Bublitz also thinks tactfulness differentiates EB3Snowremoval from the competition, in addition to being able to reliably fulfill his end of the customer/service provider partnership. He says that, within his power, he gives his customers exactly what they ask for, striving to either meet or exceed their expectations. Oftentimes, that’s honesty. He says, “A lot of times, it’s telling them what they don’t want to hear. I’m honest with them if I can’t do something.”

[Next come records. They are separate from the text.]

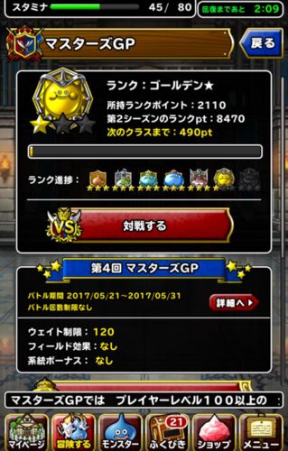 マスターズGP とりあえずゴールデン★まで。 前回のウェイト120と同じPT使ってました。 今シーズンはカイザーランクが解放されましたがまるでやる気ないです。 結局ゴールデンからの降格もあるらしいですし、ゴールデンから負けた時のポイント多いし無理でし…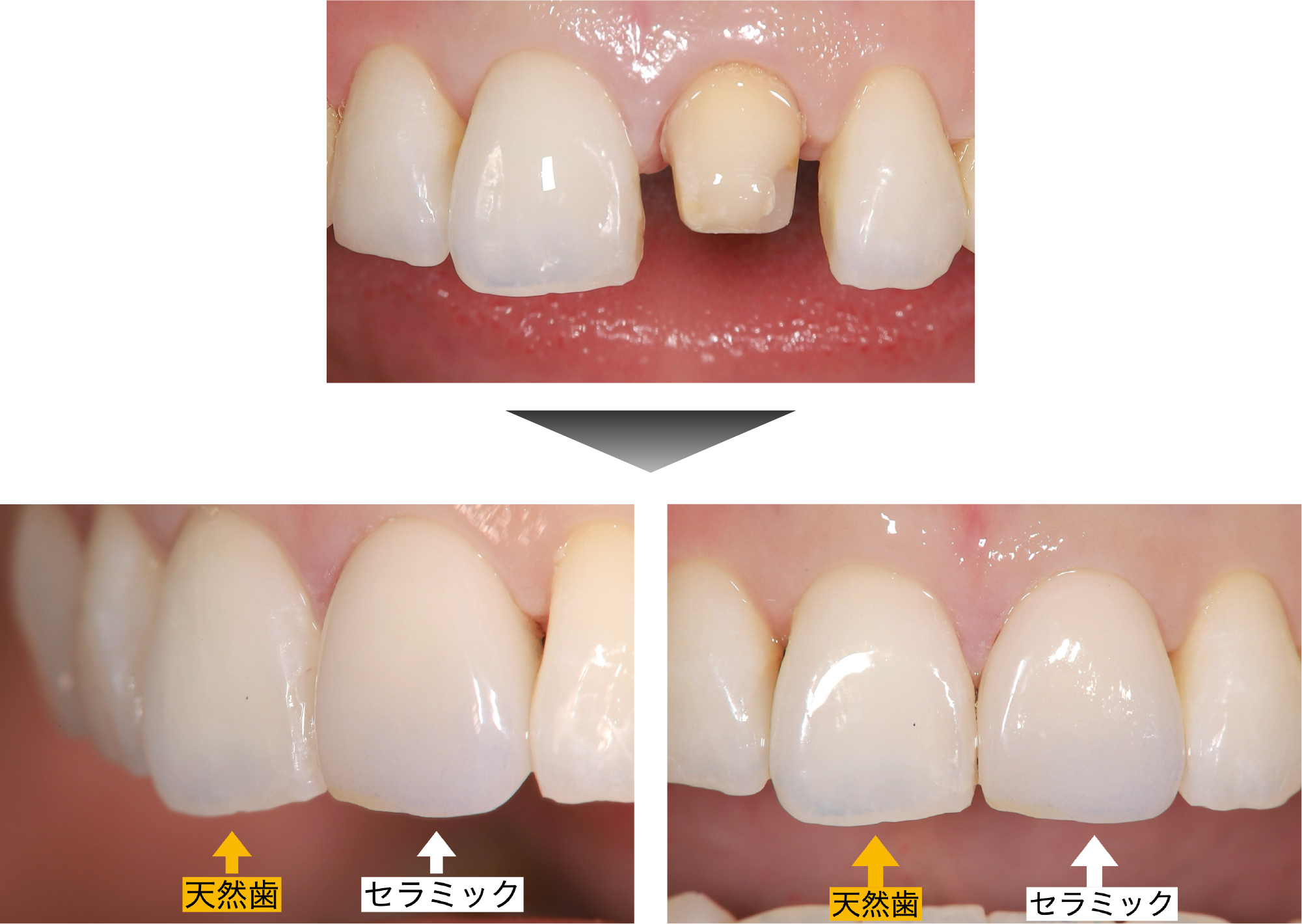 前歯1本を隣の透明感のある天然歯に合わせた審美治療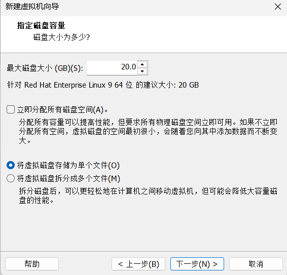 选择将虚拟磁盘存储为单个文件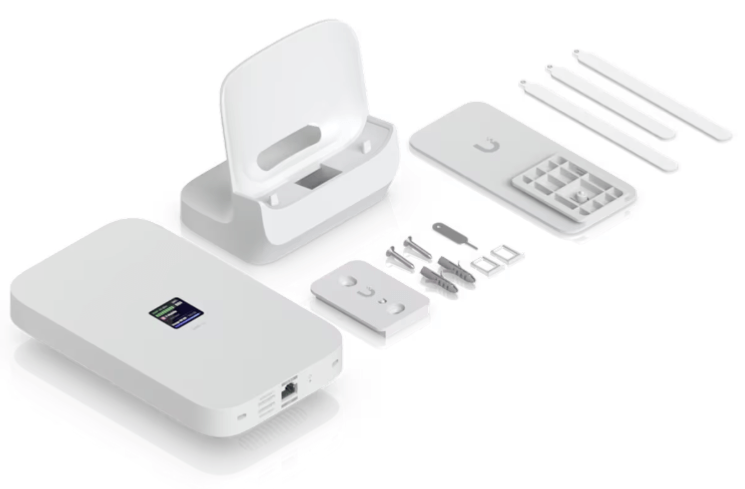 Modem Routeur Ubiquiti avec 1 port RJ45 2,5 gigabit, double SIM et eSIM. Supporte les réseaux mobiles 5G, NR, 4G LTE et 3G UMTS. Gestion avec UniFi Network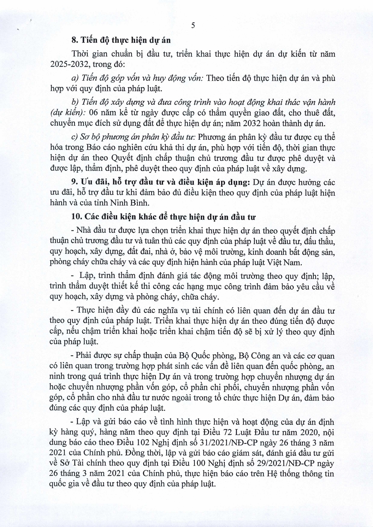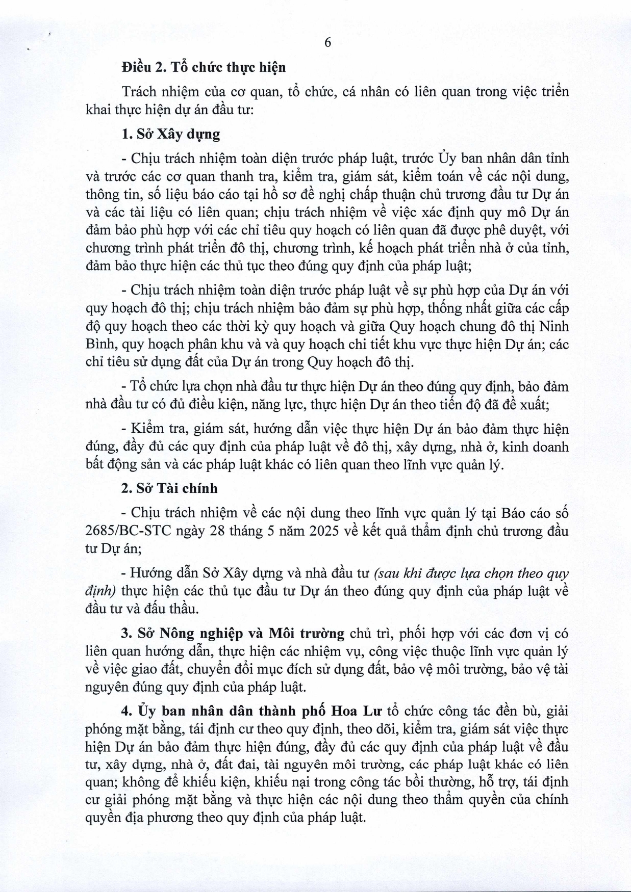 - UBND thành phố Hoa Lư: Thực hiện đền bù, giải phóng mặt bằng, tái định cư.

For example, his lawn care program functions as well as anyone else’s, but it’s not perfect, so he explains to customers that they’re not going to see an immediate result, but they are going to see a fantastic change for the better within three years. “I’m not True Green; I’m not Weed Man,” he emphasizes. Most of EB3Snowremoval’s lawn care regiment consists of preventing crabgrass, using a granular for weeding and feeding, applying fertilizer and spot spraying with a TZone broadleaf herbicide from PBI-Gordon. He follows a five-step lawn care program he learned about at Reinders, a regional distribution company targeting the green industry.

Bublitz says he often hears about prospective employees “through the grapevine” and that he handpicks EB3Snowremoval employees. To that end, they have about 40 years of lawn care experience between the four of them. To retain his employees, Bublitz pays them well. “Pay them what they’re worth,” he advises. “If you’re a greenhorn, I’m going to find out really fast if you make the cut or not.”

Of his management style, Bublitz says there’s no mistake he’s the boss, yet he likes to emphasize working as a team. “I took a lot of leadership classes. I don’t flex; I’m the boss. But I also say we’re a team. I might write the checks and hand them out, and give you the schedule,” but at the end of the day, he couldn’t do it without his employees. He suggests other landscape contractors drop their egos at the door, too. “This business seems to have a lot of them,” he jokes.

Bublitz and his wife have five kids. His youngest is currently in training, working with his dad while he can. Bublitz concludes, “Just join me or get out of my way because I’m out to conquer. I’m not out to be a monopoly, but I’m out to grow.” His next goal is a storefront—preferably “a big old building with the neon sign” he’s dreaming of. He thinks it could be a reality within two years.